═══ Dataset excerpt

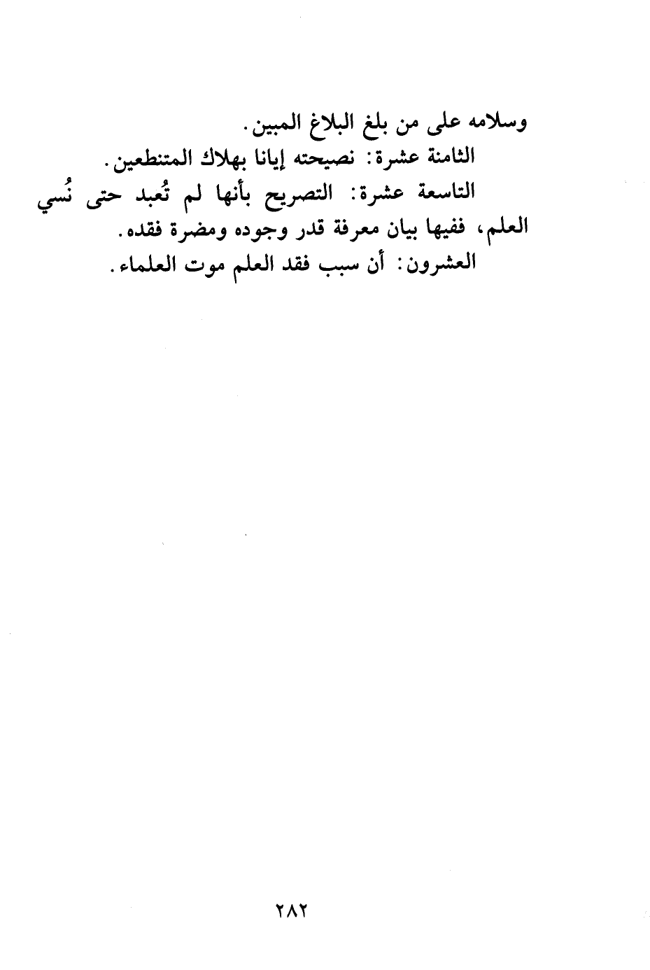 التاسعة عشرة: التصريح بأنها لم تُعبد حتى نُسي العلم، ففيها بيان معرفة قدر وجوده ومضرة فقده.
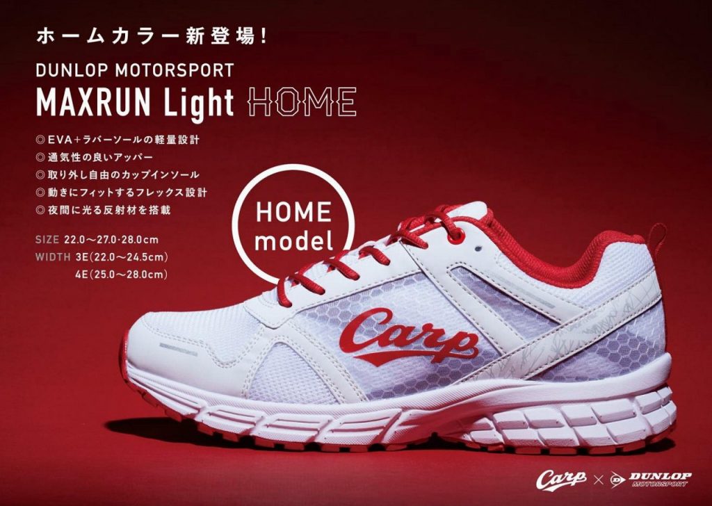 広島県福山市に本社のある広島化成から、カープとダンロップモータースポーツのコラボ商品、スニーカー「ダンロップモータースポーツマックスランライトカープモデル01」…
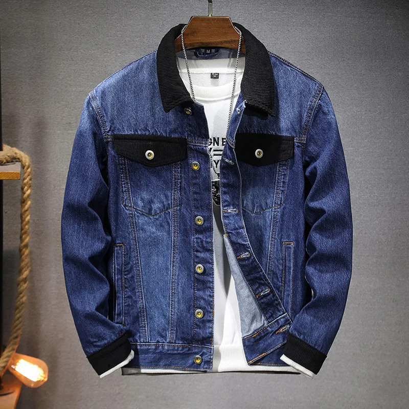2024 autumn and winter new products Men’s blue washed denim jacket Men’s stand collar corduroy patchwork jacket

══════

Exercise brief: The material above holds pictures; copy everything else in it exactly.

Result of the task:
 التاسعة عشرة: التصريح بأنها لم تُعبد حتى نُسي العلم، ففيها بيان معرفة قدر وجوده ومضرة فقده.
 広島県福山市に本社のある広島化成から、カープとダンロップモータースポーツのコラボ商品、スニーカー「ダンロップモータースポーツマックスランライトカープモデル01」…
2024 autumn and winter new products Men’s blue washed denim jacket Men’s stand collar corduroy patchwork jacket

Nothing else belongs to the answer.